New York Federal Reserve President John Williams said on July 15, 2026, that multiple indicators suggest inflation has peaked and that the current interest rate level is well positioned. He expects inflation to fall to about 3.25% by year-end, citing falling oil prices and increased AI supply as key reasons, signaling a relatively dovish policy stance.
Inflation Seen Peaking with Five Key Reasons
Williams, in a speech to local business leaders, provided a clear roadmap for price trends. He predicted that overall US inflation would drop to around 3.25% by the end of this year, continue declining through 2027, and ultimately reach the Federal Reserve's 2% target by 2028. To support his view that inflation has peaked, he outlined five key reasons: oil prices, which surged earlier due to geopolitical tensions in the Middle East, have likely peaked and will retreat; the replacement of existing tariffs will not cause any significant additional impact; while AI and tech investments once boosted inflation, supply-side increases are gradually easing imbalances; the solid labor market is not generating inflation; and market inflation expectations remain well anchored, giving policymakers ample room to maneuver.
Economy and Labor Market Solid, Current Rate 'Well Positioned'
Williams emphasized that economic growth is robust and in line with trends, and the labor market remains solid. He acknowledged that inflation is still above the ideal level and the Fed must continue working to bring it back to 2%, but he believes the current monetary policy stance is well positioned to achieve that goal. Wall Street widely interpreted his remarks as relatively dovish, suggesting that the official, who has a key vote on the Federal Open Market Committee, sees the current restrictive interest rate level as sufficient and sees no need to rush into further rate hikes to cool the economy.

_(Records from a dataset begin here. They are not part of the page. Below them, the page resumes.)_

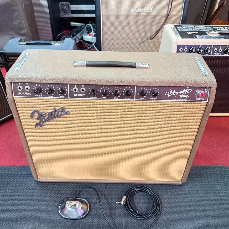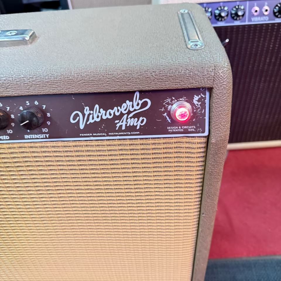 Fender Vibroverb Reissue (insbesondere die ’63er Version) gilt unter Gitarristen als Kult-Verstärker, da er das erste Modell war, mit dem Fender Anfang der 90er Jahre seine berühmte Reissue-Serie startete. Er reproduziert den seltenen „Brownface“-Sound des Originals von 1963, das als erster Fender-Amp überhaupt über einen integrierten Federhall verfügte.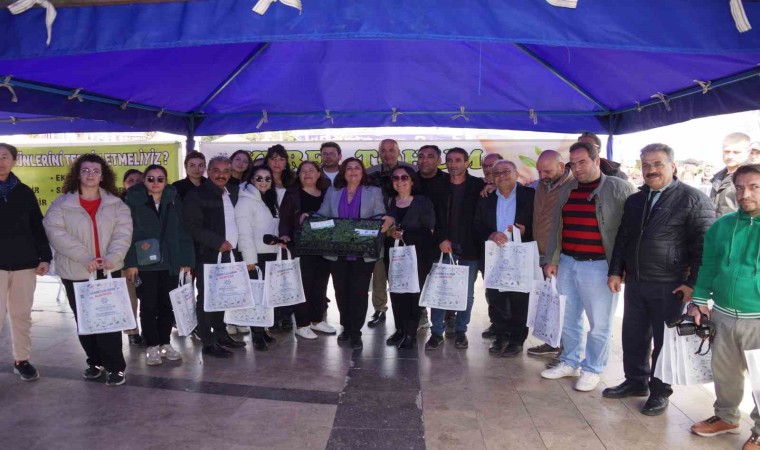 Aydın Büyükşehir Belediyesi tarafından dağıtımı yapılan ata tohumu fidelere vatandaşlar yoğun ilgi gösterirken, vatandaşlar fidelerini Aydın Büyükşehir Belediye Başkanı Özlem Çerçioğlu’nun elinden aldı.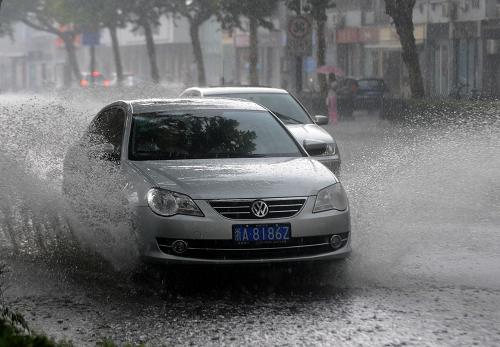8月3日,车辆冒雨在杭州街道上行驶。近日,今年第9号超强台风“梅花”正在向我国东南沿海逐渐靠近。浙江省气象台预计8月6日前后,“梅花”可能对浙江产生严重影响,部分地区有大暴雨,局部特大暴雨,并伴有强风。浙江省气象局已于8月3日11时启动台风气象业务服务四级应急响应。新华社记者 韩传号 摄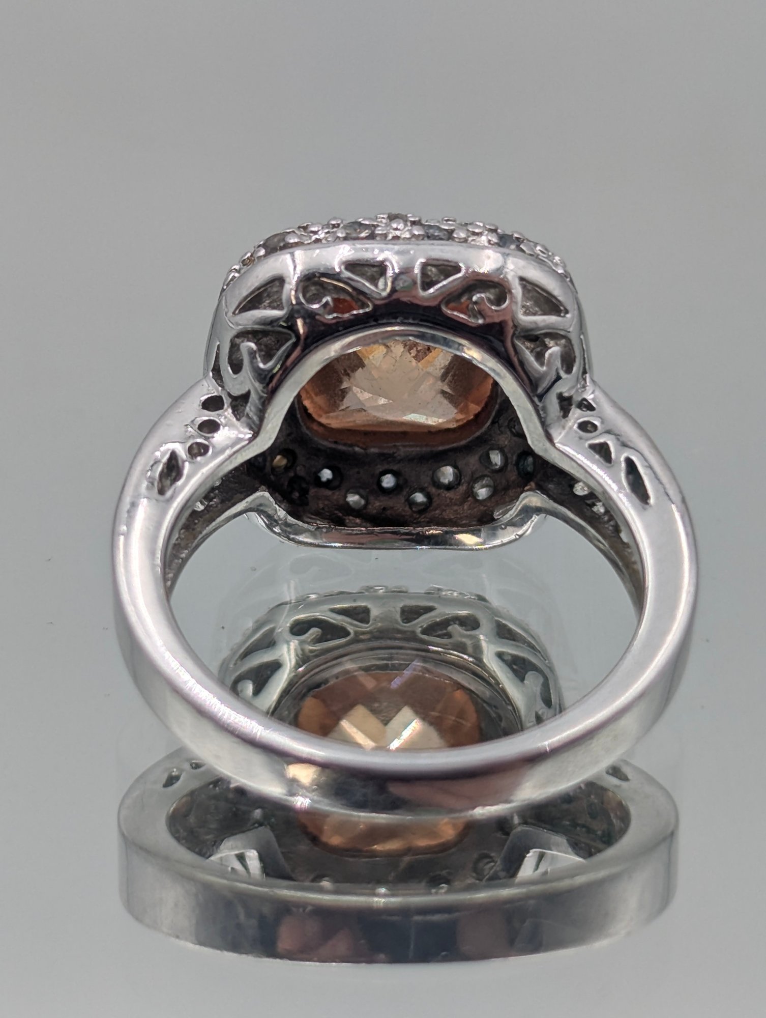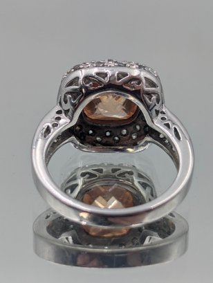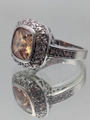 Park Lane Silver Tone Cushion Cut Champagne Stone Halo Ring - Size 8

Market Still Bets on September Rate Hike, Fed Chair Cautious
The speech came a day after the US released June Consumer Price Index data, which unexpectedly fell 0.4% month-over-month, the largest single-month decline since April 2020, with the annual rate dropping to 3.5%. Despite the encouraging data and Williams' optimism, the market and some officials remain vigilant. According to the June dot plot, FOMC members still narrowly expect one more quarter-point rate hike by year-end, with many eyes on the September meeting. Meanwhile, new Fed Chair Kevin Warsh, in recent congressional testimony, struck a cautious tone, emphasizing that falling prices do not mean the mission is complete, indicating that the Fed is taking a step-by-step approach to declaring victory over inflation.